By observing the development of the tax-to-GDP ratio in Lithuania, one realises that despite remarkable economic
growth from 2000 to 2007 the overall tax burden decreased slightly from 29.9 % to 29.5 % in the same period.
Since then the tax to GDP ratio has declined significantly exhibiting the largest fall of 2.1 % in 2010 in respect to
the year before. This development was not due to the economic cycle as the cyclically adjusted total tax revenue
decreased considerably as well from 30.9 % in 2009 to 29 % in 2010.

Taxation of consumption, labour and capital; environmental taxation


Consumption tax revenue in percent of GDP increased moderately from 11.2 % in 2009 to 11.5 % in 2010. The
ITR on consumption rose significantly by 1.7 percentage points in the same period reaching the highest level since
2000 due to an increase in the standard VAT rate by 2 percentage points as from September 2009. In spite of that
development however the Lithuanian ITR on consumption is the seventh lowest among EU Member States.

Overall, labour taxes are the most important revenue source for the Lithuanian budget and bring in about half of all
tax revenues.

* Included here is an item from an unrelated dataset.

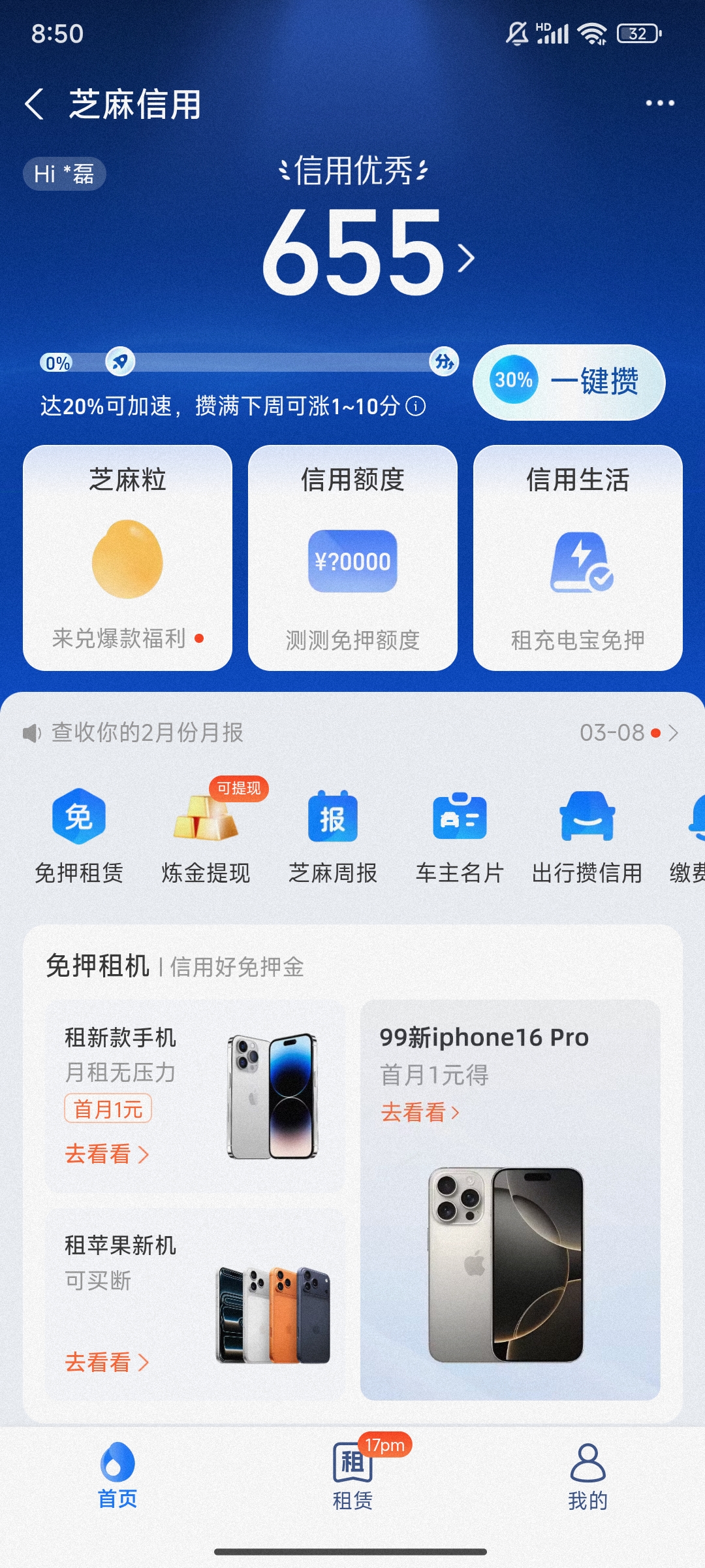 支付宝信用分截图

The share of labour taxes as a percentage of GDP declined however markedly by 1.6 percentage
points, from 2009 to 2010. In the same vein the ITR on labour decreased from 32.6 % to 31.7 %. At this level the
ITR on labour is slightly below EU average (33.4 %), although it decreased steadily from its 41.2 % peak in 2000,
due notably to the increase in basic tax allowances and the successive cuts in the PIT rate.

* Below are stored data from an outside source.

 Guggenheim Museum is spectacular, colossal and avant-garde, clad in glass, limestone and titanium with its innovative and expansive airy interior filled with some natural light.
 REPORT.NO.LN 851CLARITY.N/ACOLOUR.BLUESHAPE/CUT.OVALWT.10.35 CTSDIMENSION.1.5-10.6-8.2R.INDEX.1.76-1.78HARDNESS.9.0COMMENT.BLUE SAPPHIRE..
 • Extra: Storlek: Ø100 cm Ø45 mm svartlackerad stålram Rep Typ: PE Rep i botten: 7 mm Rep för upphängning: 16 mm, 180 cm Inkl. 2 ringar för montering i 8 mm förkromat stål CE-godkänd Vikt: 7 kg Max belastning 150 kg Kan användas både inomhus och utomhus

In Lithuania, taxes on capital to GDP are the third lowest in the EU, yielding only 35 % of the EU-27 average
(2.3 % versus 6.6 % for the EU-27). In addition, the share of capital taxes decreased significantly from 3.2 %
(2009) to 2.3 % in 2010 due to the cuts in the standard CIT rate and in the reduced rate for small companies. Tax
revenue from capital stocks is also one of the lowest in the EU-27. All of this is reflected in the Lithuanian ITR on
capital, a ratio which decreased substantially by 4.2 percentage points from 11 % in 2009 to 6.8 % in 2010 marking
the highest drop in the ITR on capital since 2000.